Liegen diese Ausnahmefälle nicht vor, gibt es, wie bereits ausgeführt, keinen Anspruch auf eine Abfindung.

Im Zusammenhang mit dem Ausspruch einer Kündigung ist es aber gängige Praxis, dass der Arbeitgeber dem Arbeitnehmer anbietet, eine Abfindung zu zahlen, um eine gegebenenfalls aufwendige und für den Arbeitgeber nachteilige Kündigungsschutzklage zu vermeiden. Sollte das Arbeitsgericht nämlich im Rahmen des Kündigungsschutzverfahrens feststellen, dass die ausgesprochene Kündigung unwirksam war, läuft der Arbeitgeber Gefahr, den Arbeitnehmer weiter beschäftigen zu müssen. Darüber hinaus muss er nach einem relativ langen Verfahren die Gehaltsansprüche des Mitarbeiters nachzahlen. Das kann unter Umständen einen erheblichen Betrag ausmachen.

Um diesem Risiko aus dem Weg zu gehen, empfehlen die Arbeitsgerichte im Rahmen des Kündigungsschutzverfahrens, dass die Parteien aufeinander zugehen. Dabei verzichtet der Arbeitnehmer auf die Durchführung des Kündigungsschutzverfahrens und erkennt die ausgesprochene Kündigung gegen Zahlung einer Abfindung an. In einem solchen Fall wird die Kündigung durch den Vergleich wirksam. Im Rahmen eines gerichtlichen Vergleichs vereinbaren die Parteien in der Regel, dass das Arbeitsverhältnis durch die fristgerechte Kündigung beendet wurde und der Arbeitgeber sich verpflichtet, eine Abfindung zu zahlen. Alle gegebenenfalls notwendigerweise noch zu klärenden Punkte werden und sollten zudem in dieser Vereinbarung mit erledigt werden.

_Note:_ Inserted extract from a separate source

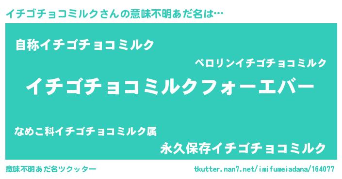 | ファンタジー風あだ名 | 『エターナルイチゴチョコミルクー』 |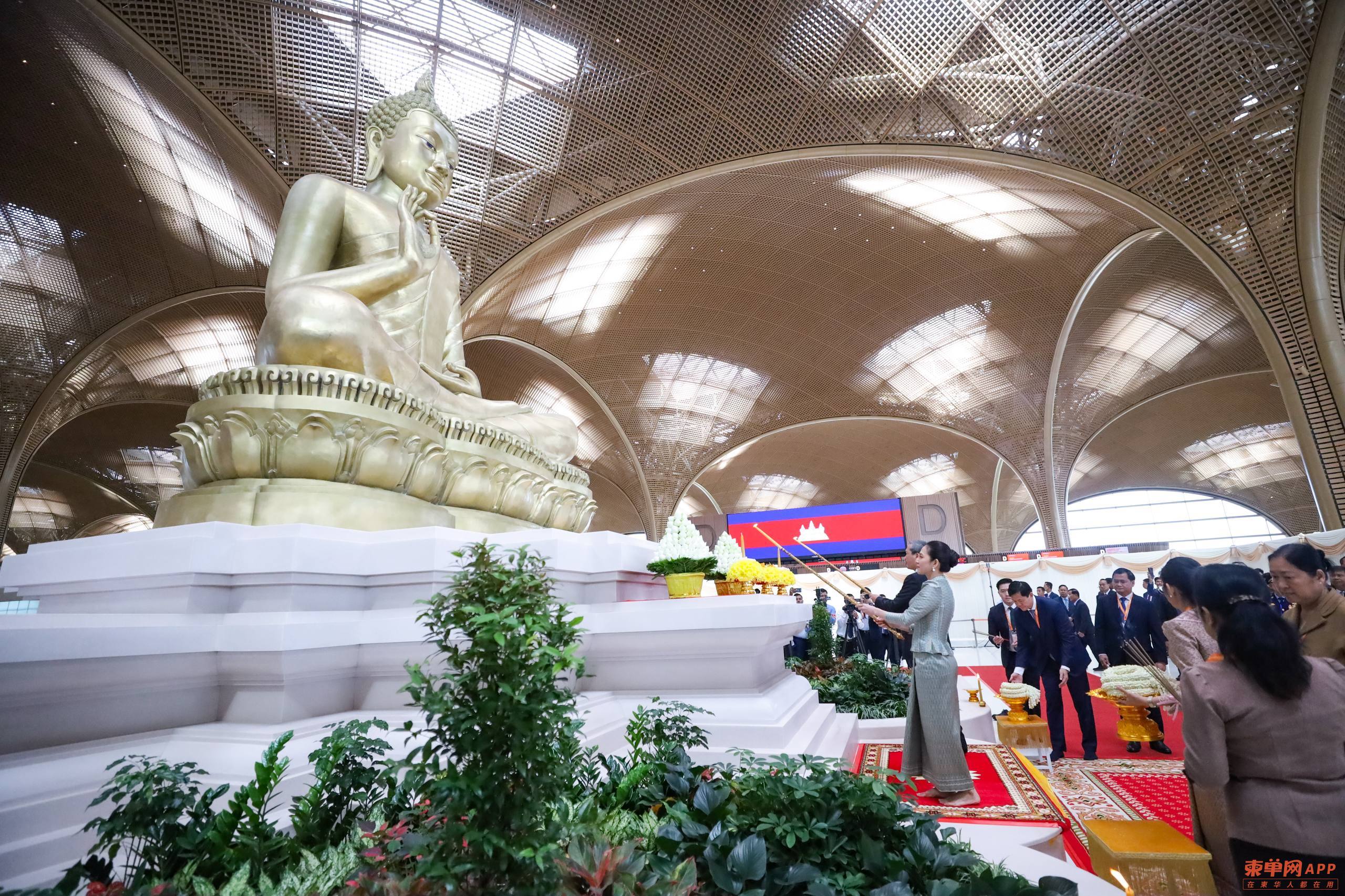 仪式期间,洪玛耐首相夫妇参观新落成的航站楼设施,并与方侨生大公爵共同出席剪彩、祈福及授勋仪式,象征德崇国际机场正式启航,标志着柬埔寨民航发展翻开崭新篇章。

Wie hoch ist eine solche Abfindung?

Wird eine Abfindung im Zusammenhang mit dem Ausspruch einer Kündigung und insbesondere in einem gerichtlichen Verfahren verhandelt, gibt es „übliche Größen“, die im Zusammenhang mit den Verhandlungen zunächst zugrunde gelegt werden. Grundlage dieser Vorgabe ist das KSchG, das an verschiedenen Stellen die Berechnungsgrundlage „halbes Bruttogehalt pro Beschäftigungsjahr“ und den Bezug zum gezahlten Entgelt zum Ausgleich des Verlustes des Arbeitsplatzes vorsieht.

Grundsätzlich ist es allerdings so, dass diese Vorgabe für Verhandlungen weder verbindlich ist, noch als allgemein gültige Regel aufgefasst werden muss. Spricht der Arbeitgeber eine Kündigung aus, sind die Parteien in den Verhandlungen frei. Letztendlich hängt die Höhe einer Abfindung maßgeblich davon ab, wie hoch der Arbeitgeber das Risiko ansieht, dass der Arbeitnehmer ein Kündigungsschutzverfahren einleiten und erfolgreich durchführen kann.

Spricht alles dafür, dass der Arbeitgeber mit der ausgesprochenen Kündigung Recht hat, kann es sein, dass die Verhandlungen erfolglos verlaufen oder aber nur eine geringe Abfindung angeboten wird. Spricht viel dafür, dass die ausgesprochene Kündigung rechtsunwirksam ist, können ganz erhebliche Abfindungszahlungen in Aussicht stehen. Einzelheiten hierzu sollten Sie mit Ihrem Rechtsanwalt besprechen.